Well, those dreams have certainly come true, for unto Thad Dexter it had been given by a mysterious and inscrutable Fate to travel further, by some forty-three million miles, than any adventurer or explorer Earth has ever borne to my knowledge, and to visit stranger lands and peoples than any that Columbus or Marco Polo ever knew.

It was in the spirit of this that I surreptitiously experimented with and trained my innate telepathic abilities, and I believe that I have honed to an acute degree the power to project my thought through space far beyond the point which any other denizen of the Red Planet has ever, or ever will, attain. In the thought that it behooves me to impart some knowledge of my discoveries on the planet Mars for the edification of my fellow Earthlings, I have striven to the very limits of my telepathic talent to transmit to the distant world of my birth this very narrative of my adventures.

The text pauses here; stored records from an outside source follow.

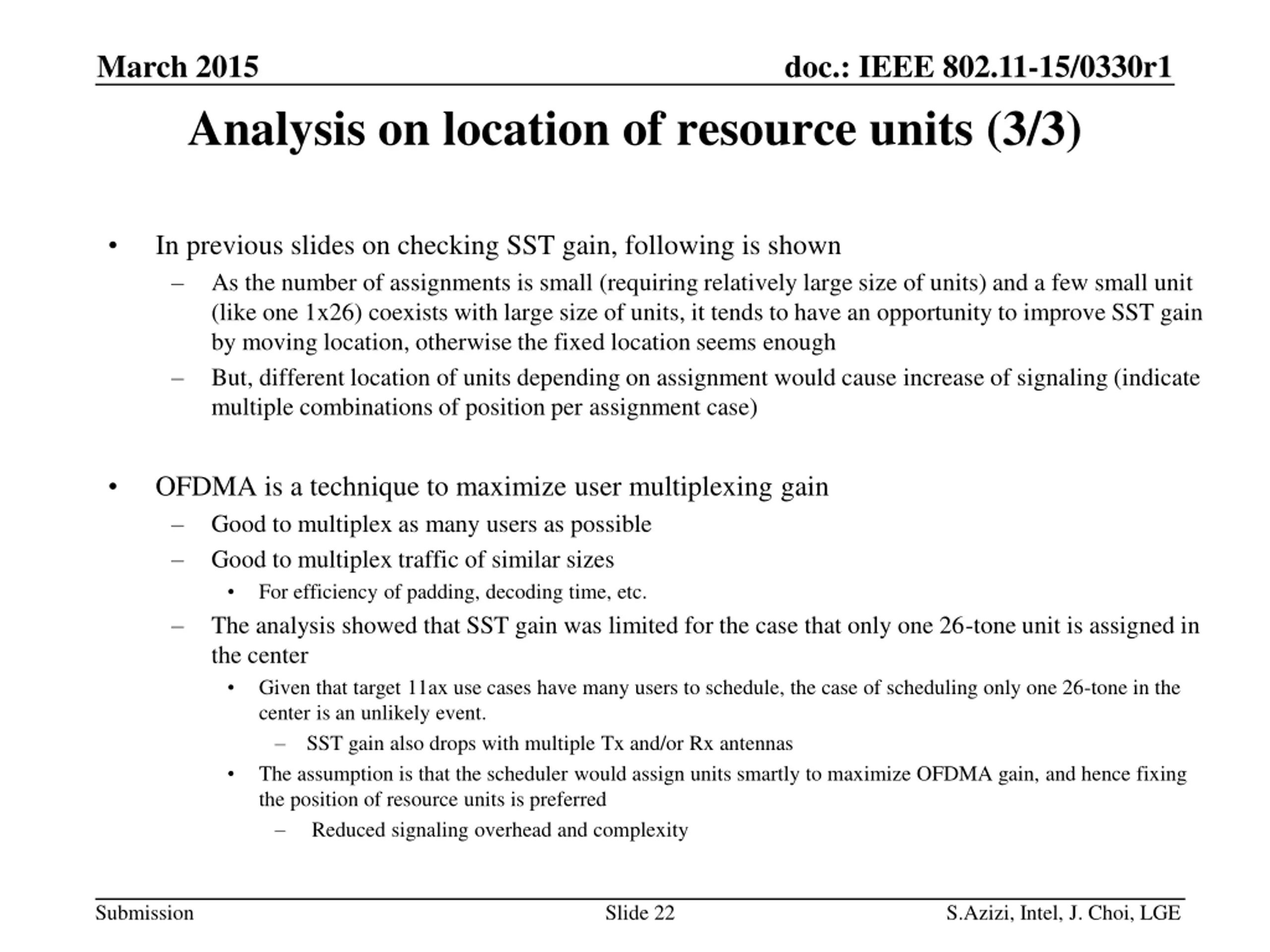March 2015 doc.: IEEE 802.11-15/0330r1 Analysis on location of resource units (3/3) In previous slides on checking SST gain, following is shown As the number of assignments is small (requiring relatively large size of units) and a few small unit (like one 1x26) coexists with large size of units, it tends to have an opportunity to improve SST gain by moving location, otherwise the fixed location seems enough But, different location of units depending on assignment would cause increase of signaling (indicate multiple combinations of position per assignment case) OFDMA is a technique to maximize user multiplexing gain Good to multiplex as many users as possible Good to multiplex traffic of similar sizes For efficiency of padding, decoding time, etc. The analysis showed that SST gain was limited for the case that only one 26-tone unit is assigned in the center Given that target 11ax use cases have many users to schedule, the case of scheduling only one 26-tone in the center is an unlikely event. SST gain also drops with multiple Tx and/or Rx antennas The assumption is that the scheduler would assign units smartly to maximize OFDMA gain, and hence fixing the position of resource units is preferred Reduced signaling overhead and complexity Submission Slide 22 S.Azizi, Intel, J. Choi, LGE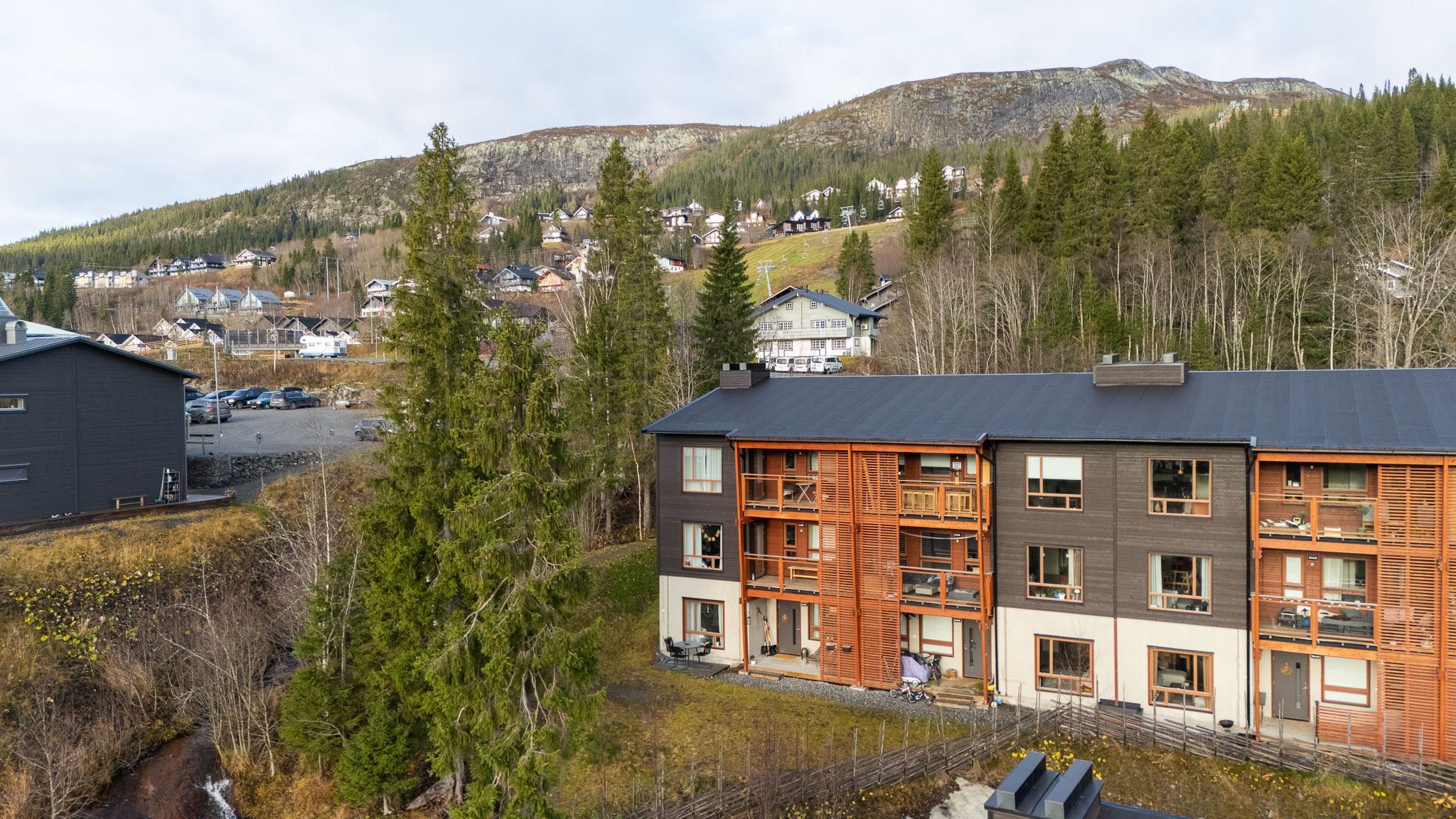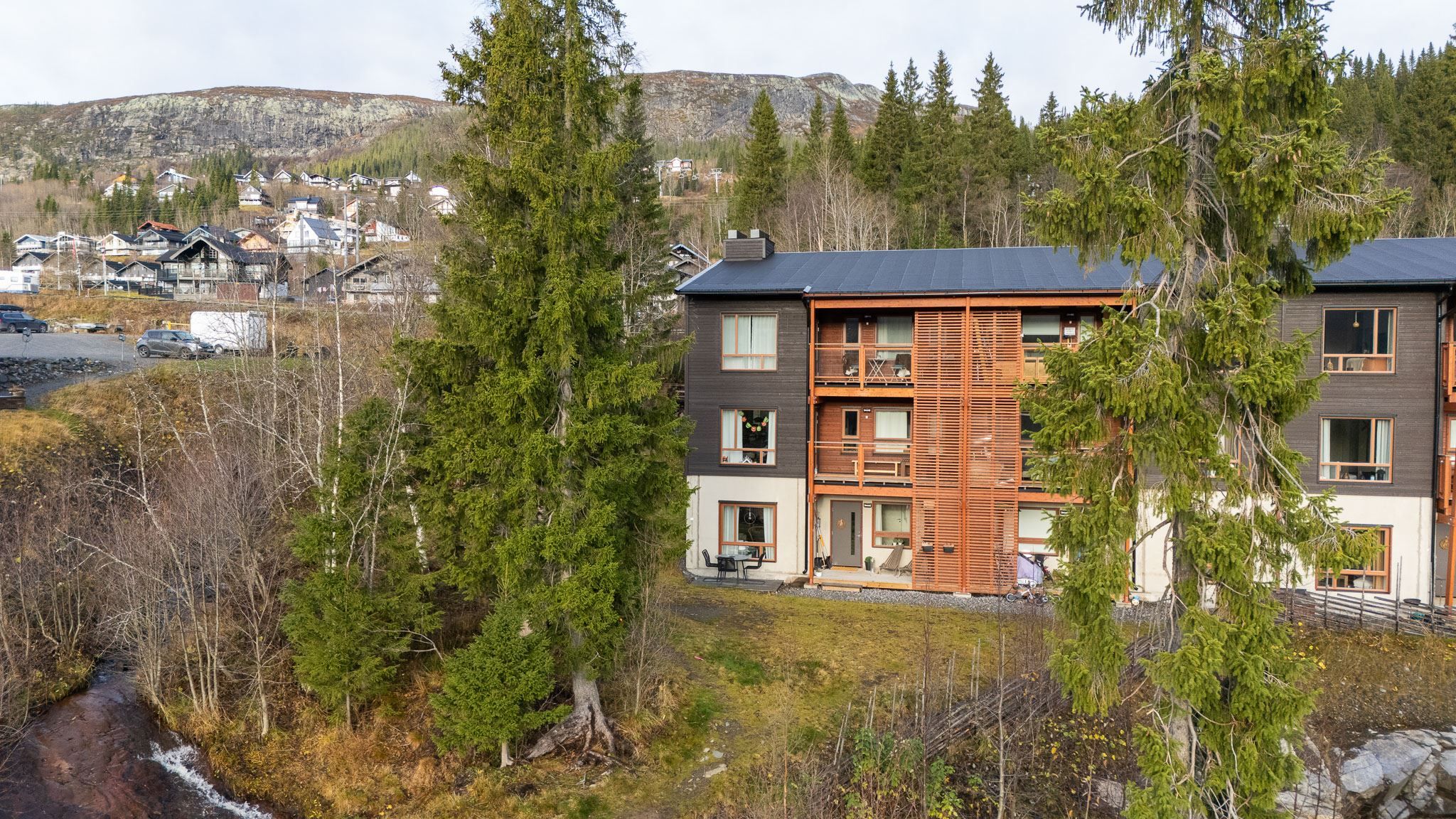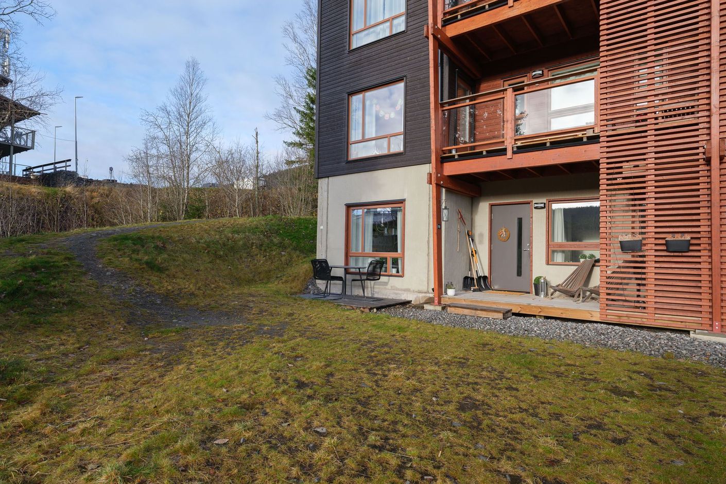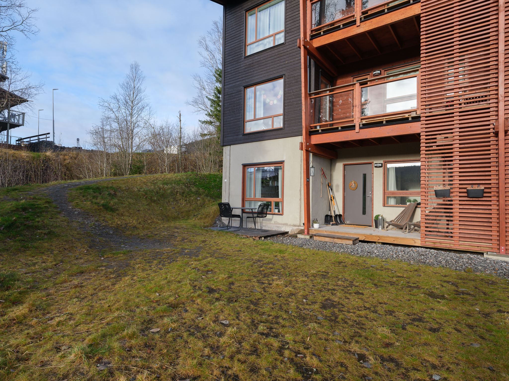 Välkommen till denna ljusa och välplanerade hörnlägenhet om 70 kvm – en perfekt kombination av komfort, funktion och fjällkänsla! Här bor du högst upp i området med ett fritt och soligt söderläge. Från uteplatsen njuter du av solen hela dagen och på husets gavel finns ytterliggare en uteplats med kvällssol i västerläge. På framsidan finns en gräsmatta som inte tillhör lägenheten men är perfekt för barnens lek eller en stund i solen efter dagens äventyr.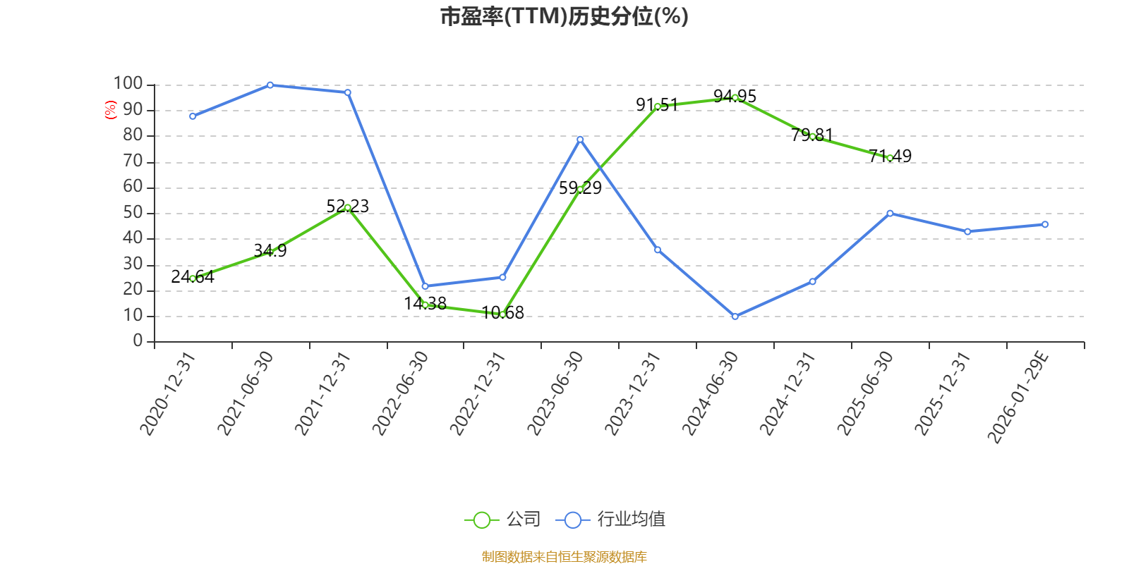 以本次披露业绩预告均值计算,公司近年市盈率(TTM)图如下所示:

I cannot know, I shall never know, whether my thought-waves have journeyed intact across the gulf of so many millions of miles of space, or whether they have been received by a terrestrial intelligence sensitive to their wavelength. Nor, for that matter, having been received, if they have ever been recorded or preserved in any manner. For it is easy for me to imagine how natural it would be for an earthly mind to dismiss this narrative of incredible marvels and mysteries upon a weird and alien world as the hysteric phantasies of a disordered brain, or the feverish inventions of sheer imagination, or the incomprehensible fruit of nightmare, or the ravings of a lunatic.

Perhaps these telepathic communications which I now, with infinite concentration, project into the void are lost between the worlds, to disperse in the depths of interplanetary space. But it pleases me to dream that my thought-waves have impinged upon an intelligence capable of their reception and not hostile to their message; an intelligence, it may be, willing to recognize the transcendent significance of the information that human life dwells among the age-old cities and dead seabottoms of a remote world, and that humanity is not alone in the breath-taking immensity of infinite and unknown space.

Only you, who read these words, if indeed you read them at all, can ever know the reality of this, my dream.